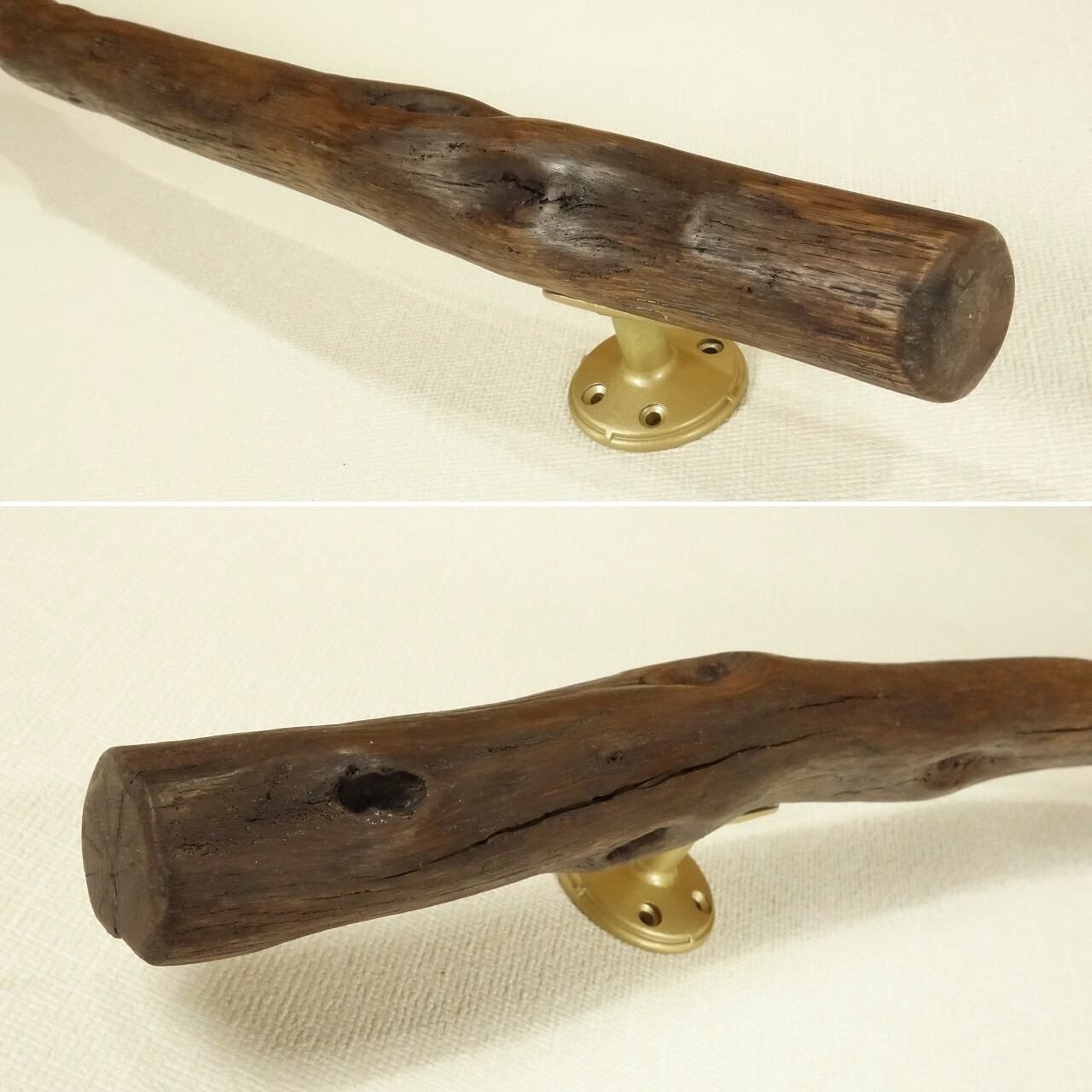 【温泉流木】窪みの形状が美しい長い流木の柿渋ドアハンドル・手すり・ドア取っ手 木製 流木インテリア
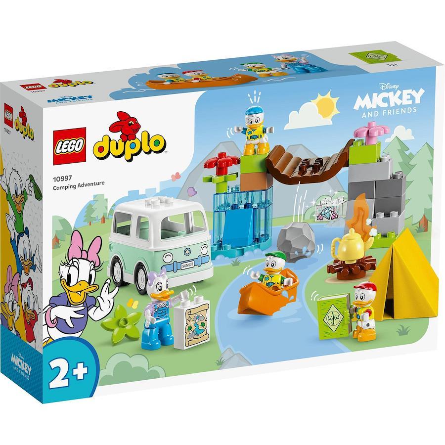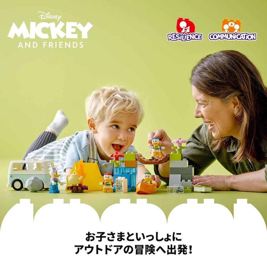 レゴ(R)デュプロ(R) ? ディズニー ミッキー&フレンズ キャンプホリデー(10997)は、遊びを通して楽しく学べる知育玩具です。キャンプ場でいろいろなことにチャレンジするデイジーダックとその甥っ子たちが、ねばり強さやチームワークの大切さを教えてくれます。(対象年齢:2才以上) 創造力を育てる組み立てプレイセット キャンピングカーでアウトドアの冒険に出発したデイジーダックと三つ子のヒューイ、デューイ、ルーイ。キャンプ場で見つけた宝の地図を頼りにカヌーで川下りを始めます。今にも落ちそうな大きい岩がのったユラユラ揺れる橋の下を通り抜けて、やっとたどり着いたブロック製の滝の裏で宝物を発見!キャンプ場に戻ったら、たき火を起こしてテントの中でゆっくりしましょう。 ライフスキルが身につく 手先を器用に動かすスキルを発達させる知育玩具です。また、ご家族といっしょにおままごとをしながら、思いやりの気持ちや自己表現・協調性を身につけていくお子さまの段階的な成長を見守ることができます。
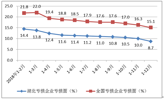 (一)企业亏损额有所扩大。2018年,全省规上企业中1359家出现亏损,亏损企业亏损额209.1亿元,增长4.9%,同比、环比分别扩大8、0.5个百分点。从所有制看,国有控股企业亏损额125.4亿元,增长15.2%,同比、环比分别扩大22.2、10.4个百分点;从企业类型看,小型企业亏损额78.6亿元,增长27.3%,同比扩大28.9个百分点;从市州看,武汉、黄石、十堰、襄阳、荆州亏损企业亏损额分别增长57.1%、31.9%、76.5%、85.5%、49.6%。
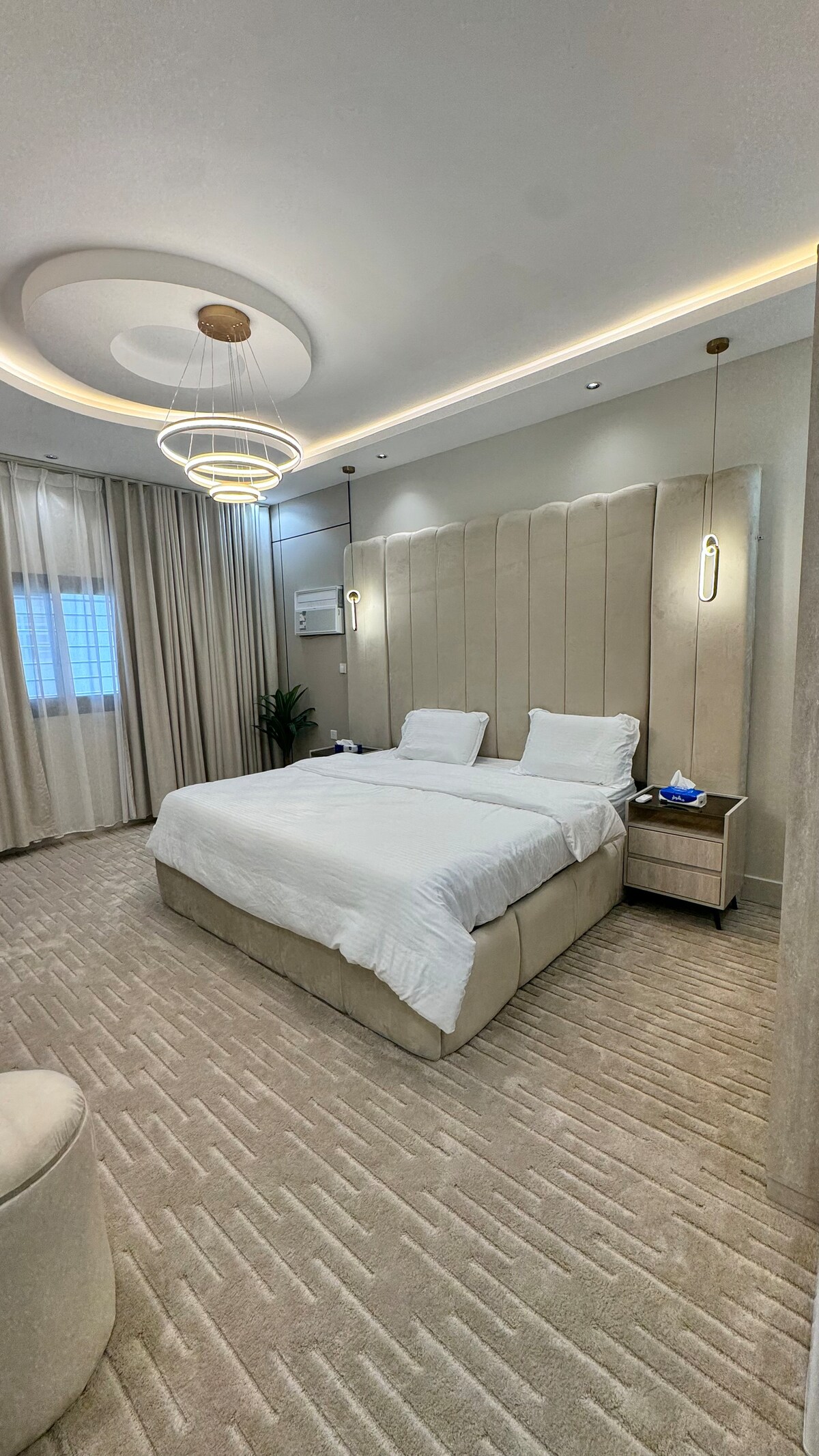 Kamar hotel dan lounge yang elegan dan mewah dengan furnitur yang sempurna untuk bersantai, nyaman dan check-in mandiri yang tenang Terletak dekat tempat wisata Lokasi Sangat Unggulan Bandara berjarak 15 menit Semua layanan tentang perumahan tersedia OpenNet 200MB tersedia Langganan VIP Saksikan Mendaftar Netflix Detail lokasi: Kamar tidur utama, sesi samping, desain modern yang elegan, layar besar yang cerdas dan kamar mandi dengan desain yang elegan Sudut kopi keramahtamahan gratis terintegrasi yang dirancang untuk memenuhi semua kebutuhan tamu untuk pengalaman unik dan khas di kota Jazan
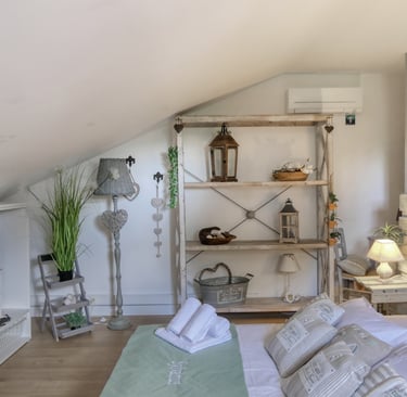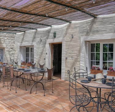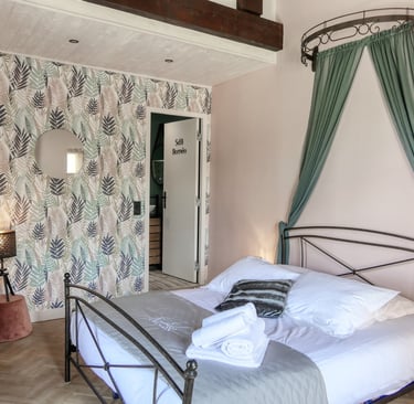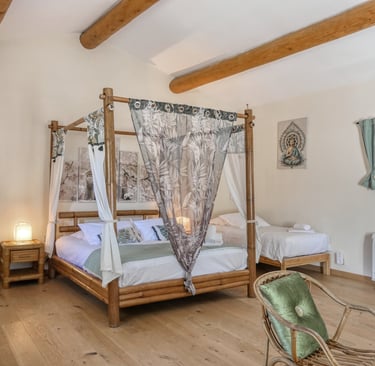 Le mas se compose de 6 chambres à thème, chacune décorée avec soin : Tara, Narcisse, Iris, Neptune, Gaïa et Sylvanus. Chaque espace a son identité, sa palette de couleurs, et dispose d’une literie de qualité. Vous y trouverez également 4 salles de bain, toutes pensées dans un esprit de confort et de bien-être (Bali, Bornéo, Atlantis, Capri), ainsi que 5 WC répartis dans la maison pour un usage fluide en groupe.

---

Pictures stay out. Print the data exactly, from its first line through the line containing "レゴ(R)デュプロ(R) ? ディズニー".

TASK RESPONSE:
 【温泉流木】窪みの形状が美しい長い流木の柿渋ドアハンドル・手すり・ドア取っ手 木製 流木インテリア
 レゴ(R)デュプロ(R) ? ディズニー ミッキー&フレンズ キャンプホリデー(10997)は、遊びを通して楽しく学べる知育玩具です。キャンプ場でいろいろなことにチャレンジするデイジーダックとその甥っ子たちが、ねばり強さやチームワークの大切さを教えてくれます。(対象年齢:2才以上) 創造力を育てる組み立てプレイセット キャンピングカーでアウトドアの冒険に出発したデイジーダックと三つ子のヒューイ、デューイ、ルーイ。キャンプ場で見つけた宝の地図を頼りにカヌーで川下りを始めます。今にも落ちそうな大きい岩がのったユラユラ揺れる橋の下を通り抜けて、やっとたどり着いたブロック製の滝の裏で宝物を発見!キャンプ場に戻ったら、たき火を起こしてテントの中でゆっくりしましょう。 ライフスキルが身につく 手先を器用に動かすスキルを発達させる知育玩具です。また、ご家族といっしょにおままごとをしながら、思いやりの気持ちや自己表現・協調性を身につけていくお子さまの段階的な成長を見守ることができます。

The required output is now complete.